For many years, mature human endothelial cells derived from human vasculature were the main tool used to research the biology of human endothelial cells. The early 1970s saw the successful isolation of ECs from human umbilical veins, which was of utmost significance and gave researchers around the world unheard-of access to human EC cultures. Consequently, endothelial cells quickly established themselves as a crucial tool in vascular biology research, dominating the area to this day.
In an attempt to integrate such pre-existing vascular networks, scientists have turned to primary endothelial cells (ECs), which have the innate ability to produce blood vessels. There is still general agreement that using ECs is essential to this effort and that bioengineering vascular networks are still a top focus in tissue engineering.
Human Umbilical Vein Microvascular Endothelial Cells (HUVECs)
Amongst all potential sources of endothelial cells, endothelial cells from umbilical cord veins are
successfully isolated and propagated in vitro during the early 1970s. Today, it has become a staple tool in vascular biology research. HUVECs continue to be the most popular human EC source in bioengineering to this day, despite the development of alternative stem/progenitor cell sources.
There are many causes for this ubiquity, but they all fundamentally arise from the fact that HUVECs have been researched for much longer than any other source of human ECs. HUVECs have become the favoured alternative for the development of procedures and standardised assays in vascular biology and angiogenesis research as a result of the knowledge that has been acquired about them over time. This knowledge has given HUVECs an advantage over competing options.
These cells are now widely available in both research labs and commercial businesses as a result of the development of common assays that need HUVECs. However, HUVECs have a short lifespan in culture, which limits the clinical applications they can be used for in an autologous setting. As a result, additional sources of ECs produced from pluripotent stem cells or progenitor cells may very well outperform HUVECs in the future.
Human Dermal Microvascular Endothelial Cells (HDMECs)
Besides HUVECs, one of the most studied sources of primary human endothelial cells is endothelial cells isolated from small-diameter veins of skin microvasculature. Some of the early proof of concept in vivo studies were carried out using HDMEs in SCID mice.
The HDMEC that line the blood arteries of the skin exhibit various skin-specific traits in addition to sharing characteristics with endothelial cells found in other parts of the body. They actively take part in a number of physiological activities, such as temperature regulation, hemostasis management, and wound healing. The endothelial lining of blood vessels exhibits excellent heterogeneity through signalling pathways that regulate cell proliferation, quiescence and apoptosis.

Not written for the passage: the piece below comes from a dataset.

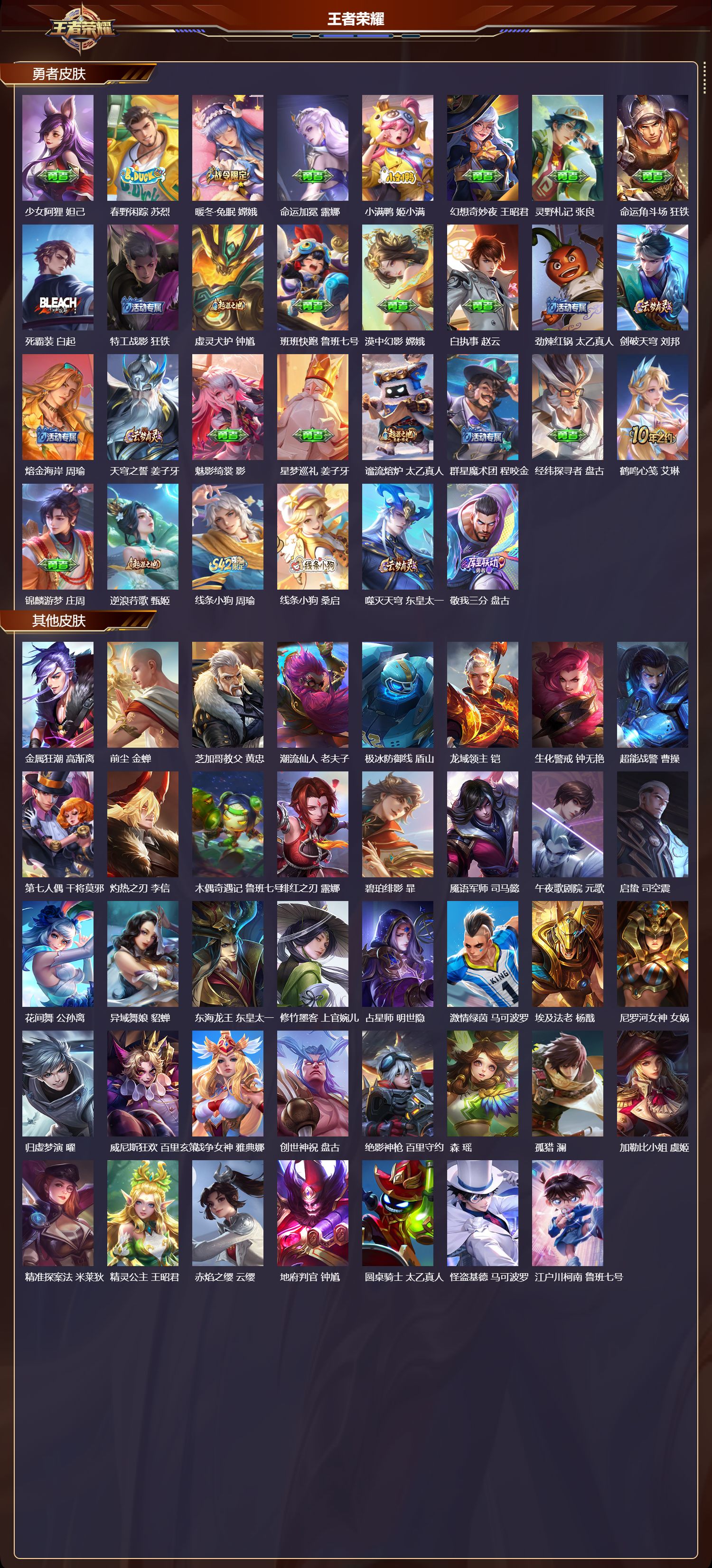 【99,勇者皮肤】,太极少年,赵怀真,沙漠行僧,达摩,大漠名商,沈梦溪,缤纷绘卷,张良,大发明家,达摩,龙舞盛年,沈梦溪,乐园追猎者,白起,功夫炙烤,廉颇,沉稳之力,孙尚香,海盐诗旅,桑启,汉昭烈帝,刘备,热血海滩,哪吒,白色死神,白起,黄金武士,典韦,落雪兰心,甄姬,阴阳师,狄仁杰,古海寻踪,张良,牛运亨通,牛魔,功夫老勺,老夫子,西部大镖客,牛魔,海滩派对,项羽,完美运算,后羿,克喵,鬼谷子,踏浪烽翎,莱西奥,红桃皇后,芈月,西部游侠,莱西奥,野性能量,吕布,哥特玫瑰,露娜,百相守梦,影,潮玩探月行,猪八戒,天穹祈灯,鬼谷子,阿尔法小队,后羿,赤刃凌霄,敖隐,死亡骑士,亚瑟,敏锐之力,李白,破局者,亚连,幽兰居士,张良,玩偶对对碰,安琪拉,掌控之力,诸葛亮,海滩丽影,钟无艳,忍·炎影,赵云,雪境奇遇,西施,炽热元素使,姜子牙,坚韧之力,苏烈,唤灵魔甲,刘禅,万事如意,刘备,逐霄战戟,吕布,擒涛扼浪,裴擒虎,乓乓大师,鲁班大师,溯影追猎,虞姬,极光幻客,蚩奼,探海日志,鲁班大师,雾都夜雨,干将莫邪,玩趣恶龙,高渐离,兔女郎,花木兰,龙腾万里,关羽,金庭之子,兰陵王,罗小黑战记,哪吒,荣光之誓,亚瑟,花好人间,甄姬,万象初新,宫本武藏,聚星闪耀,钟无艳,时尚教父,姜子牙,春野之旅,钟无艳,秘密基地,刘禅,教廷特使,韩信,街头霸王,韩信,云中旅人,李元芳,妄想特派,李元芳,少女阿狸,妲己,春野闲踪,苏烈,暖冬·兔眠,嫦娥,命运加冕,露娜,小满鸭,姬小满,幻想奇妙夜,王昭君,灵野札记,张良,命运角斗场,狂铁,死霸装,白起,特工战影,狂铁,虚灵犬护,钟馗,班班快跑,鲁班七号,漠中幻影,嫦娥,白执事,赵云,劲辣红锅,太乙真人,剑破天穹,刘邦,熔金海岸,周瑜,天穹之誓,姜子牙,魅影绮裳,影,星梦巡礼,姜子牙,谧流熔炉,太乙真人,群星魔术团,程咬金,经纬探寻者,盘古,鹤鸣心笺,艾琳,锦麟游梦,庄周,逆浪荇歌,甄姬,线条小狗,周瑜,线条小狗,桑启,噬灭天穹,东皇太一,敬我三分,盘古,

Human Endothelial Progenitors
Human Endothelial Progenitors obtained from circulating human peripheral blood are of widespread interest as a minimally invasive, more replicative cell source with the highest ability to form colonies in vitro. For therapeutic interventions, identifying endothelial progenitor cells in the blood is a promising way to obtain the required endothelium population without using any intrusive methods.
These cells are now more often referred to as endothelial colony-forming cells. Their first applications in bioengineering were reported by Wu et.al in the year 2004. Additionally, it was demonstrated that endothelial progenitors were incorporated into the graft and formed perfused vasculature that linked up with arriving host vessels. This was one of the earliest in vivo examples of the application of human ECFCs to the bioengineering of the human vascular system.